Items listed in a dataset

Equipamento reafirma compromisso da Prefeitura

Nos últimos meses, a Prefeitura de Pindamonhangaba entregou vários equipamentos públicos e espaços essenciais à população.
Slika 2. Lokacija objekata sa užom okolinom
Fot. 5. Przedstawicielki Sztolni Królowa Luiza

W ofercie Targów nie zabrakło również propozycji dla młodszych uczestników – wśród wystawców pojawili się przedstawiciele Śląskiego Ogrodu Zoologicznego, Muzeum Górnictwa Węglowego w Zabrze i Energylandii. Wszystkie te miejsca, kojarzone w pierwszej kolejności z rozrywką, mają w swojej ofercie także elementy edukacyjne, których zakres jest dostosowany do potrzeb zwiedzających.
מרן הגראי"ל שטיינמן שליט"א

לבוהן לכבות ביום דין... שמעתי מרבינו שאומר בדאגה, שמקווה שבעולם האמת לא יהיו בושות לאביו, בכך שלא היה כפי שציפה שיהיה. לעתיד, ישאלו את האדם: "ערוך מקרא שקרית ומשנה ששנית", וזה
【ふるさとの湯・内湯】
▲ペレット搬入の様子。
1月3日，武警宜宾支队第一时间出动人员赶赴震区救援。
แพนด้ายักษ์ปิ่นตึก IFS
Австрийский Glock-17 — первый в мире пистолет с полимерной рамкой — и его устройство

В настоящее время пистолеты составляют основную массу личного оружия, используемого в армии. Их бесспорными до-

* * *

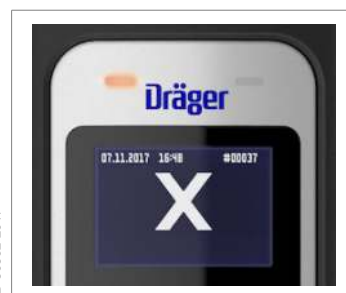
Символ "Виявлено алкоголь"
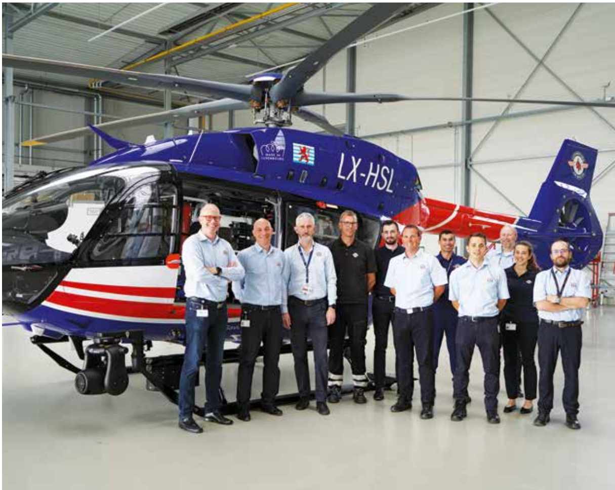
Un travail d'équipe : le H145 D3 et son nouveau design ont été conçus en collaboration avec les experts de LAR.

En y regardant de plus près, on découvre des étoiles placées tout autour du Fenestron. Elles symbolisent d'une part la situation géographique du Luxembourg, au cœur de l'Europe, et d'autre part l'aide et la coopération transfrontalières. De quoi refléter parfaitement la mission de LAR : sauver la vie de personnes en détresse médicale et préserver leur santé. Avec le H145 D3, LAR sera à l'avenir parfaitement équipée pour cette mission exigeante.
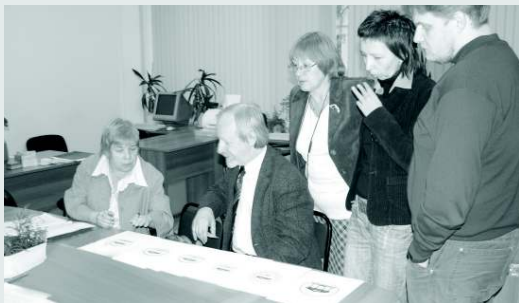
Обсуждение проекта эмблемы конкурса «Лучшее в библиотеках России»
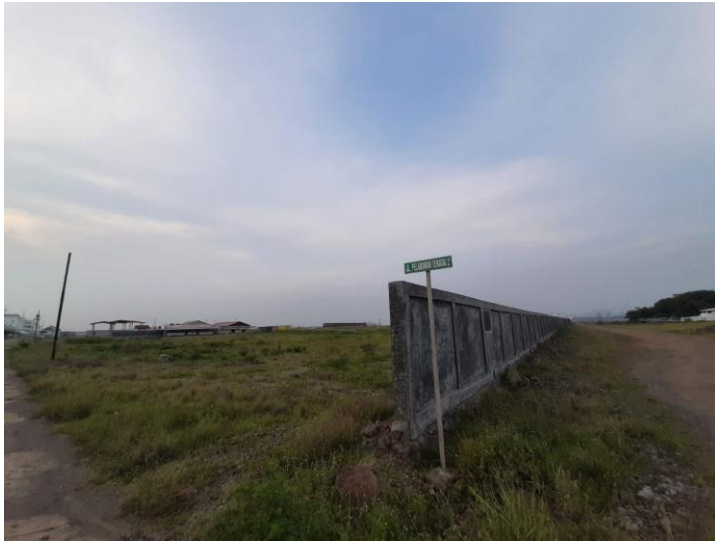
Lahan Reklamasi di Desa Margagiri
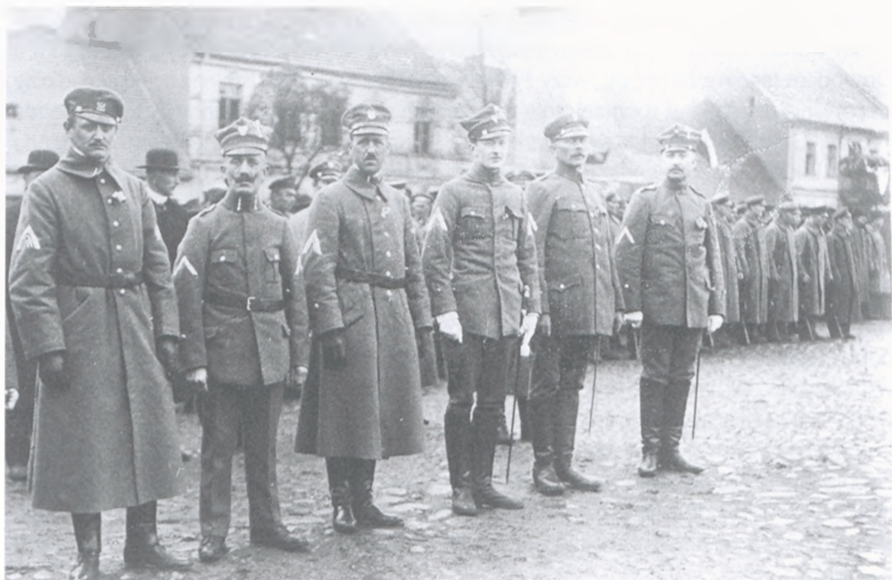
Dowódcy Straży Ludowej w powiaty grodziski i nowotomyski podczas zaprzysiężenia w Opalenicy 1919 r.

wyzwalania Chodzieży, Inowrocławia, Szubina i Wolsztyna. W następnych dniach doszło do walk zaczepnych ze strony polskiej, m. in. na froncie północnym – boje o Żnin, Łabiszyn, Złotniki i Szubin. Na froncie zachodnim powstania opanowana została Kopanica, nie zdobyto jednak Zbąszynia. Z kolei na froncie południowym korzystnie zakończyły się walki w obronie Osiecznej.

==

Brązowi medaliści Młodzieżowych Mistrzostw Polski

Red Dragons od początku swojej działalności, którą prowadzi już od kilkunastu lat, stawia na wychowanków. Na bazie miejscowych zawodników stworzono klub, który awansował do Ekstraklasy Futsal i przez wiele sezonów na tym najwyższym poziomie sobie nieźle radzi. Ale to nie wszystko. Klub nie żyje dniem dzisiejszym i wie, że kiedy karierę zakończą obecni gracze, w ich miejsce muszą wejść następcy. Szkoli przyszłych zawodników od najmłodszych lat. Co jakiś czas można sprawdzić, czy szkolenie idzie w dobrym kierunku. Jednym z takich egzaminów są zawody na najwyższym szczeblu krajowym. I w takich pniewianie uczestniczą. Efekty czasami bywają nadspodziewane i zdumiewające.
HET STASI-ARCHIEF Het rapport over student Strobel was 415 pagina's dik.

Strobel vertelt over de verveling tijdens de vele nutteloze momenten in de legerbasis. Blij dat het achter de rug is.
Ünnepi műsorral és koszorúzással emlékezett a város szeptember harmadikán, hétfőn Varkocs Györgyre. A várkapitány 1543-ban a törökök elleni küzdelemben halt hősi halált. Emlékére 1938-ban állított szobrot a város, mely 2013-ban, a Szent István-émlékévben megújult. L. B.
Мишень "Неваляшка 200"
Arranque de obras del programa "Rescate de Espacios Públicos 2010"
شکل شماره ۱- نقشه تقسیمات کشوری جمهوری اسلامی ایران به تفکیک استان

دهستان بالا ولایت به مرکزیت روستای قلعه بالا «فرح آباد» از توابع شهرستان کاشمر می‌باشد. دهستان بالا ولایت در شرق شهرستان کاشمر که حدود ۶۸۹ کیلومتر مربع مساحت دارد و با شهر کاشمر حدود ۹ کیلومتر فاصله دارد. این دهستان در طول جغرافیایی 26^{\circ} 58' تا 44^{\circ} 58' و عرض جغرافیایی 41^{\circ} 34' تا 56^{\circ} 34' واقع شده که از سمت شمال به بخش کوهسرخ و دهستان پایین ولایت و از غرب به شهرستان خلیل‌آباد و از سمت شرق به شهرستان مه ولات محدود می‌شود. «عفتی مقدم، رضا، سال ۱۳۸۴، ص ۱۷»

Work order: Within the data above, the span starting at the line containing "Equipamento reafirma compromisso" and ending at the line containing "В настоящее время" is to be retyped exactly, with no other lines.

Written reply:
Equipamento reafirma compromisso da Prefeitura

Nos últimos meses, a Prefeitura de Pindamonhangaba entregou vários equipamentos públicos e espaços essenciais à população.
Slika 2. Lokacija objekata sa užom okolinom
Fot. 5. Przedstawicielki Sztolni Królowa Luiza

W ofercie Targów nie zabrakło również propozycji dla młodszych uczestników – wśród wystawców pojawili się przedstawiciele Śląskiego Ogrodu Zoologicznego, Muzeum Górnictwa Węglowego w Zabrze i Energylandii. Wszystkie te miejsca, kojarzone w pierwszej kolejności z rozrywką, mają w swojej ofercie także elementy edukacyjne, których zakres jest dostosowany do potrzeb zwiedzających.
מרן הגראי"ל שטיינמן שליט"א

לבוהן לכבות ביום דין... שמעתי מרבינו שאומר בדאגה, שמקווה שבעולם האמת לא יהיו בושות לאביו, בכך שלא היה כפי שציפה שיהיה. לעתיד, ישאלו את האדם: "ערוך מקרא שקרית ומשנה ששנית", וזה
【ふるさとの湯・内湯】
▲ペレット搬入の様子。
1月3日，武警宜宾支队第一时间出动人员赶赴震区救援。
แพนด้ายักษ์ปิ่นตึก IFS
Австрийский Glock-17 — первый в мире пистолет с полимерной рамкой — и его устройство

В настоящее время пистолеты составляют основную массу личного оружия, используемого в армии. Их бесспорными до-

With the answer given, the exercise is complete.